"I think Lucy won't be willing to wait a year."

"She must be made willing. You must help. A year soon passes—soon passes. If things then are as they are now, then I shall believe that your love for each other is strong and fine, and I shall renounce my claim with a good grace—a good grace."

"If we can't wait a year, John!"

"You mean if you won't? In that case I shall not feel that Lucy is entitled to a divorce, or either of you to any money at my hands. Among the people who are necessary to you and Lucy, a wronged and upright husband has great power. If you are such children, such fools, as not to be willing to stand a test of your love, you will have to be punished. It would mean that your passion has nothing to do with what is understood by love. You would merely be pointed at and passed up as a rather well-known young couple with adulterous proclivities."

There was a long, charged silence.

"The law and the prophets are all on your side, John, but——"

"You'll not answer now, please. You'll think it over. And don't forget all the pleasant things that you can do in a year. There's that hunting trip in Somaliland you used to talk about so much—there's London and Paris—wonderful places for a man who's trying to cure himself of an unlawful love."

"Trying to cure himself?"

"Of course.
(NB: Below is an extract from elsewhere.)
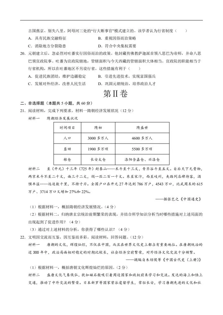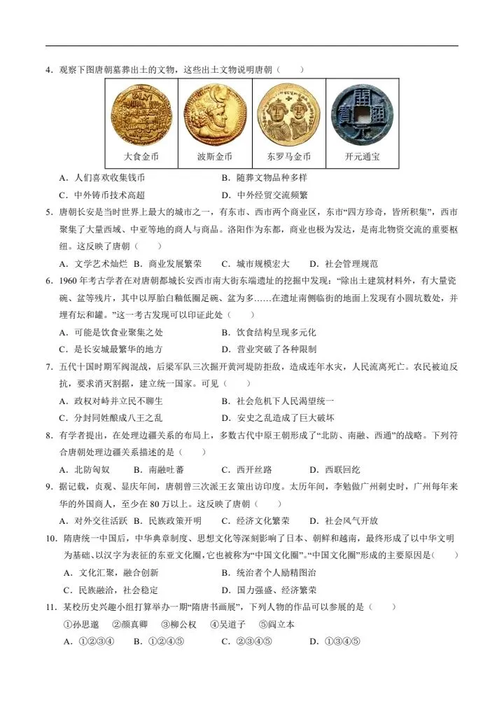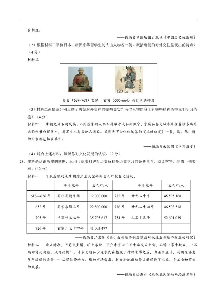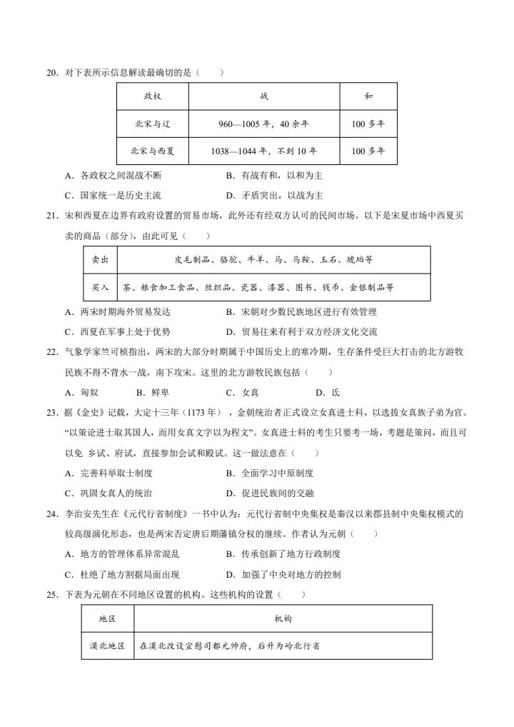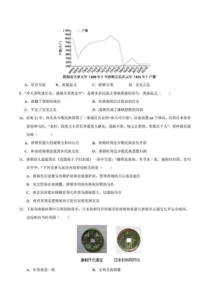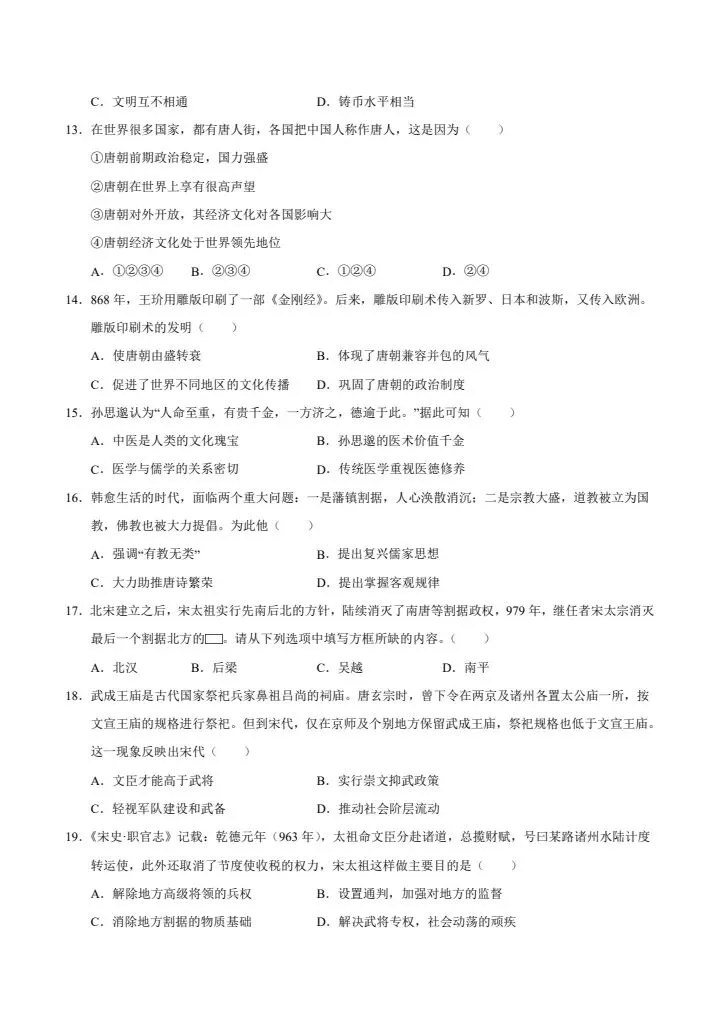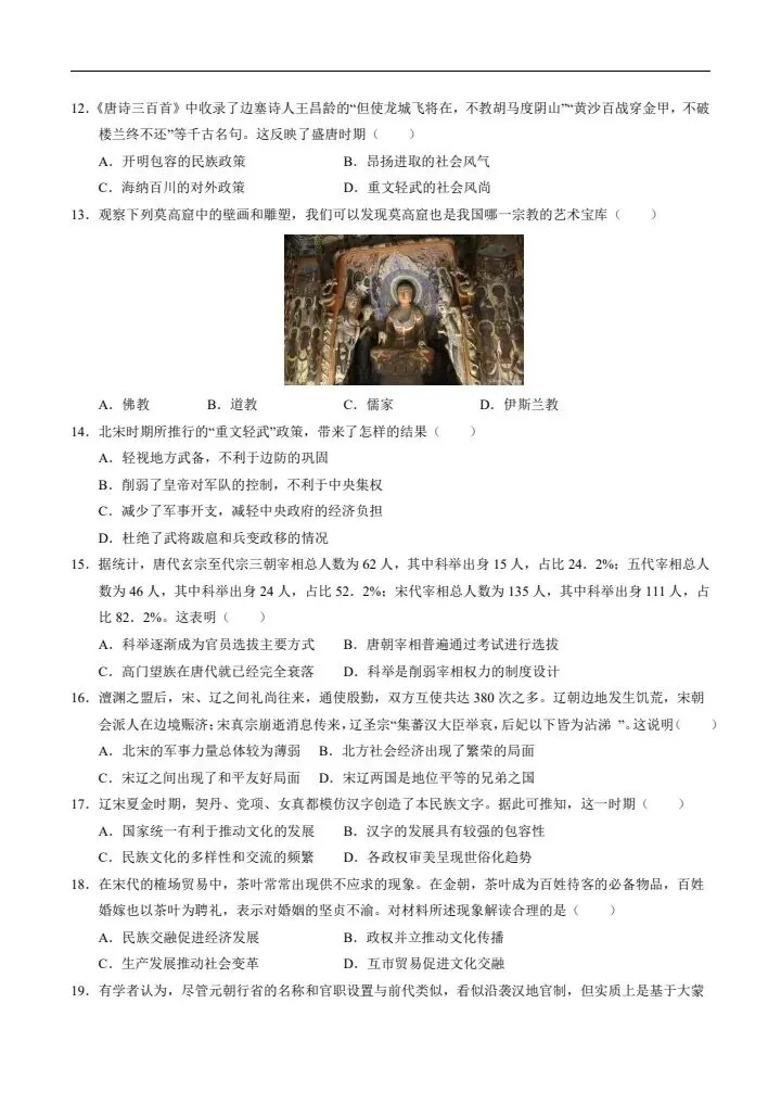 七年级下册历史期中模拟卷2套含答案(完整电子版可打印)

Jesting aside, don't you think that what you and Lucy want to do to Jock and Hurry and me is wrong? Of course you do. You're not a devil. If, by uttering the wish, you could bring it about that you had never loved Lucy, that she had never fallen out of love with me and loved you over the heads of her children, that all might be as it was when you first began to come to our house, wouldn't you utter that wish? Of course you would."

He was smiling at me now, very gently and cunningly, and there was, at the same time, in his eyes an awful pathos.